Antabuse: It has it's uses but not for detox

Updated: Apr 2

Antabuse: It has its uses but is not a detox medication. The best piece of advice I can give in relation to Antabuse is: Avoid it! Well, at first, anyway. If it was the panacea everyone thought, it was then I would be stacking shelves in a supermarket. As with other medications, Antabuse has its uses. However, you cannot use it to detox, and it can never replace the therapy needed to make a meaningful, sustained recovery. If such medications were the panacea some people believe them to be, drug and alcohol centers would not exist. While it certainly has its uses, it must be seen as adjunctive to underlying therapy in a rehab center. https://www.ncbi.nlm.nih.gov/books/NBK64036/ In the United Kingdom, medicines should only be prescribed in line with the guidelines of the National Institute of Health and Care Excellence: NICE https://bnf.nice.org.uk/drugs/disulfiram/ These guidelines are clear that this drug should only be initiated under “expert supervision”. In other words, by a consultant psychiatrist as an inpatient. Prescribing clinicians, such as I, have the discretion to outside of these guidelines. This is known as “off label” prescribing (dose more than recommended guidelines) or “unlicensed” (Prescribed for a purpose not originally intended) A good example is Duloxetine for non—diabetic neuropathy. https://www.londonpainclinic.com/medication/duloxetine-and-diabetic-neuropathic-pain/ How does it work? Without wishing to get too technical, Alcohol is converted to Acetaldehyde. It is this mechanism that Antabuse works on. The Maudsley Prescribing Guidelines in Psychiatry 14th Edition (https://onlinelibrary.wiley.com/doi/book/10.1002/9781119870203) The drug reduces the ability of the body to metabolize Acetaldehyde leading to:

  • Facial flushing

  • Headache

  • Tachycardia

  • Nausea

  • Vomiting

  • Arrhythmia (irregular heartbeat)

  • Hypo tension (low blood pressure

While Antabuse is prescribed for a patient, it is common practice (with the patient's consent) to hand it to the loved one looking after the patient. Antabuse, like any drug, only works if you take it. People, sometimes, plan their relapses, so would simply stop taking it a day before relapsing. It is a very expensive drug. Up to 500MG a day is the usual amount taken and it cannot be given on a standard National Health Service green FP10 prescription. There may, and I stress may, be occasions where local drug and alcohol services, commissioned by local authorities, are funded to provide it. However, this would not be an initial treatment and clients will be expected to take part in group work and individual sessions long before it is even considered.
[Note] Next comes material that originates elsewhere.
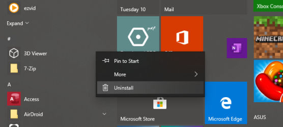 Просто найдите программное обеспечение в меню «Пуск», щелкните правой кнопкой мыши и выберите «Удалить».

As mentioned, it is secondary to underlying therapy and, if needed, a medically supervised detox. It is adjunctive: Not a first line treatment. Before considering if a patient is suitable for Antabuse, it is necessary to determine, firstly, if they have an alcohol problem. The current phrase is alcohol use disorder: A pattern of problematic pattern of alcohol use leading to significant impairment or distress. https://bestpractice.bmj.com/topics/en-gb/198 This is a medical condition that manifests when someone's consumption of alcohol causes them serious problems. While it can be a long-term condition, it can also be lifelong and may even re-present itself after a period of treatment.

What are the symptoms?

  • You want to stop or reduce but can not.

  • You drink for longer than you intend to do

  • A lot of time is spent both obtaining it and recovering from it’s effects

  • You have a very strong urge to drink or crave alcohol.

  • A persons job, education and/or family life suffers as a result of their alcohol consumption

  • Despite damage to relationships because of alcohol, a person continues to drink

  • Alcohol consumption has stopped someone doing things they enjoy

  • Drinking has put someone at risk due to alcohol (ie drink driving,unsafe sex, unsafe activities)

  • Despite your doctor telling you not to, you continue to drink.

  • A tolerance to alcohol has been developed

  • When you drink it does not give you the same effects as it used to.

  • If you do not drink, you develop signs of withdrawal (nausea, sweating, tremor, anxiety, etc)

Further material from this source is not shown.